* _The problem_: Where the line containing "今回は、理学療法士の布川才浩" appears below, begin there and reproduce each line exactly through the last one, omitting pictures.

Stored items from a collection:
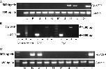 Figure 7. RTâPCR results of the gene expression pattern of CpâVSP and HnâVSP. (A) CpâVSP (upper panel). βâactin for the positive control (lower panel). E, eye; K, kidney; S, spleen; I, intestine; G, gut; M, muscle; B, brain; H, heart; L, lung; O, ovary; T, testis. (B) Expression of CpâVSP in eye and retinal pigment epithelium (RPE), but not in the neural retina (+ or â indicates PCR reaction with or without reverse transcriptase) (C) HnâVSP (upper panel). βâactin for the positive control (lower panel). E, eye; K, kidney; S, spleen; I, intestine; G, gut; M, muscle; B, brain; H, heart; L, lung; O, ovary; T, testis. Arrows indicate band size. |
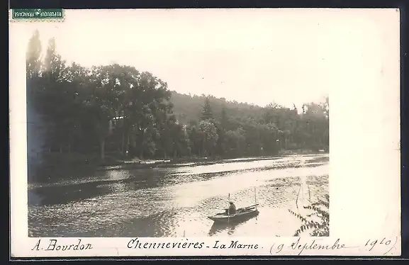 AK Chennevières, Vue sur la Marne avec un bateau à rames
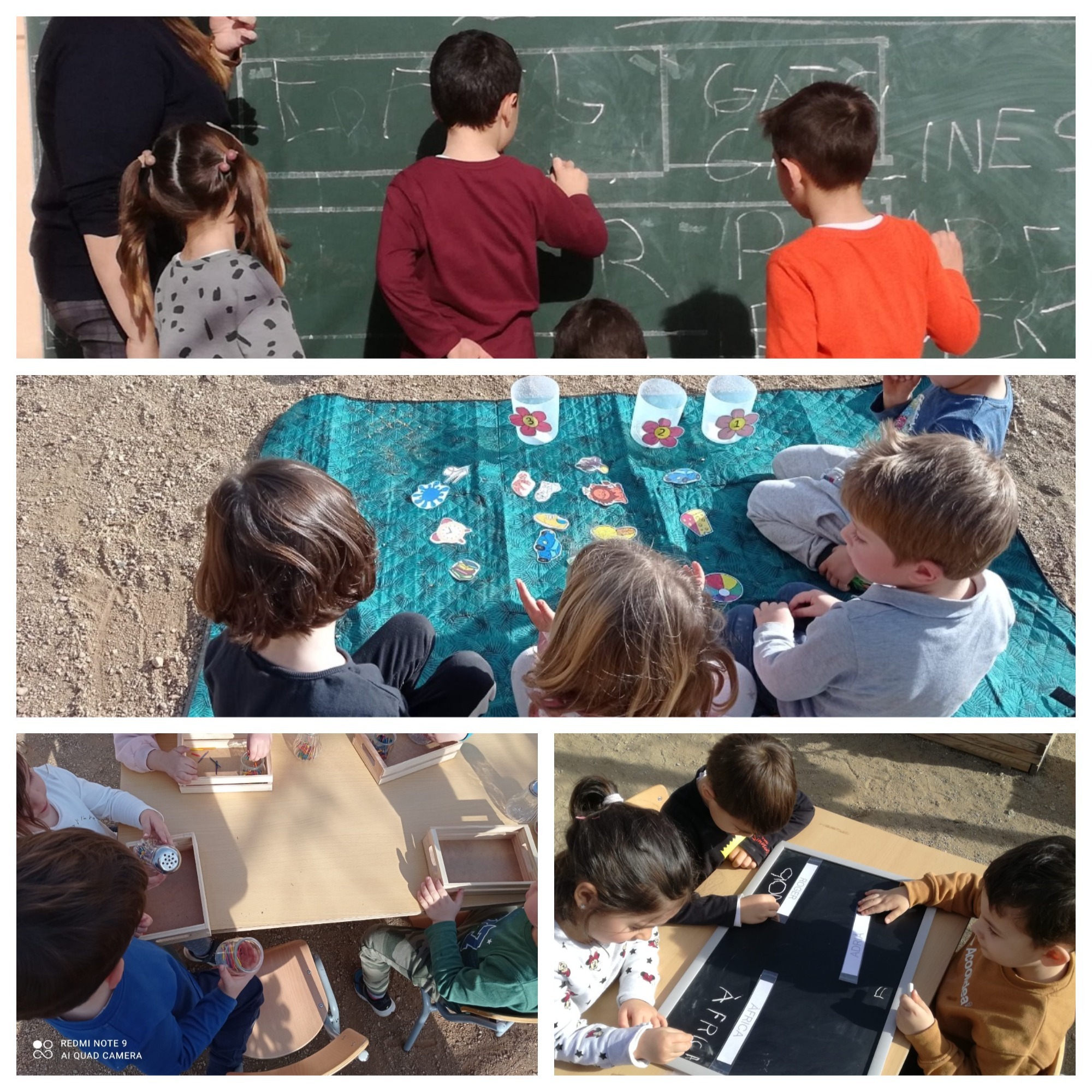 Qui diu que escriure, picar paraules i el treball de la psicomotricitat fina no es pot fer a l’ aire lliure? Penseu que és molta feina?
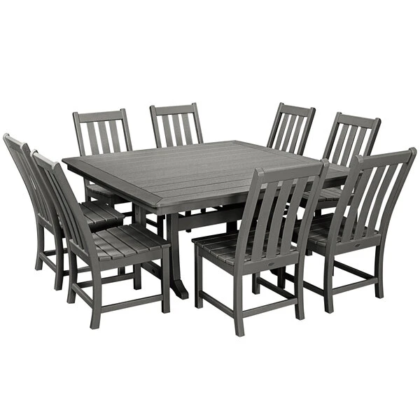 POLYWOOD Vineyard 9-Piece Slate Grey Dining Set With Nautical Trestle Table
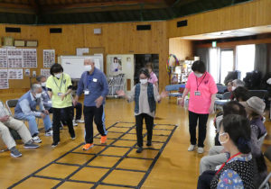 今回は、理学療法士の布川才浩氏と地域連携課の薄根裕佳氏を中心に、総勢11名もの職員スタッフが指導に来ていただき、美里地区の参加者も28名と多くの参加者が集まり、広間いっぱいの大盛況でした。
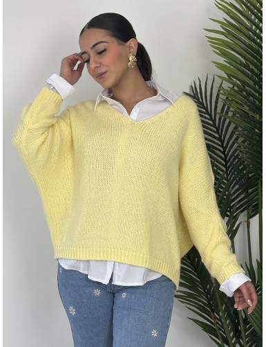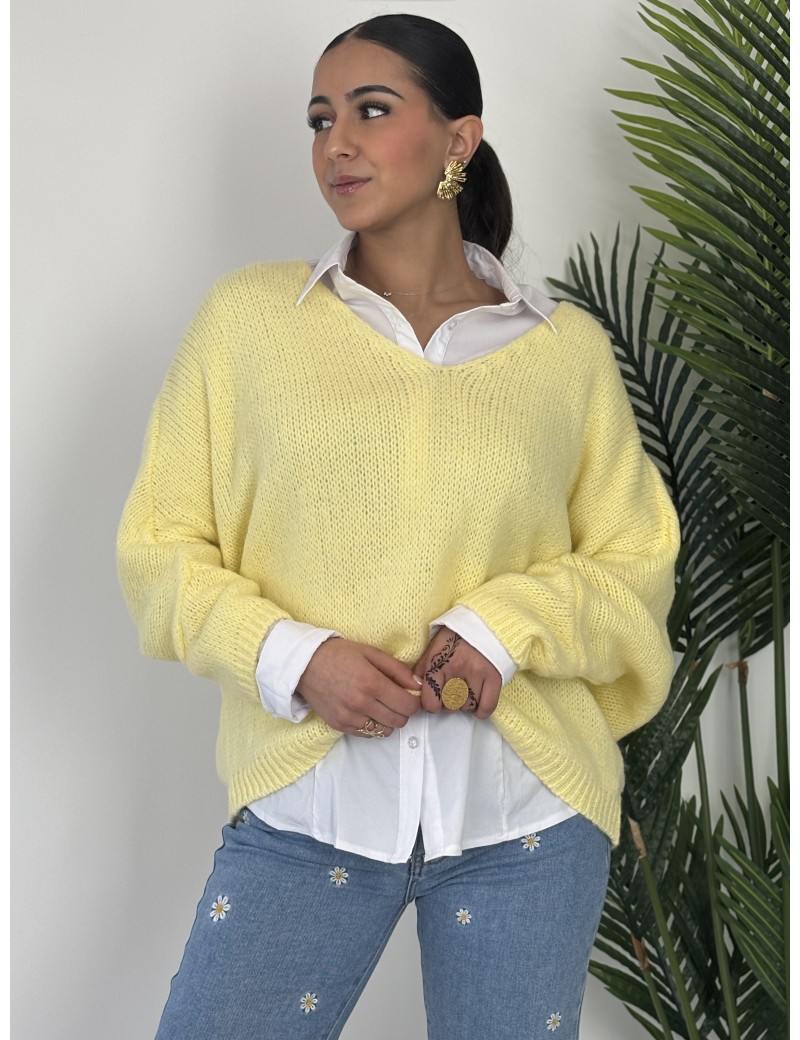 Pull col v uni jaune Paula

* _Written response_:
 今回は、理学療法士の布川才浩氏と地域連携課の薄根裕佳氏を中心に、総勢11名もの職員スタッフが指導に来ていただき、美里地区の参加者も28名と多くの参加者が集まり、広間いっぱいの大盛況でした。
 Pull col v uni jaune Paula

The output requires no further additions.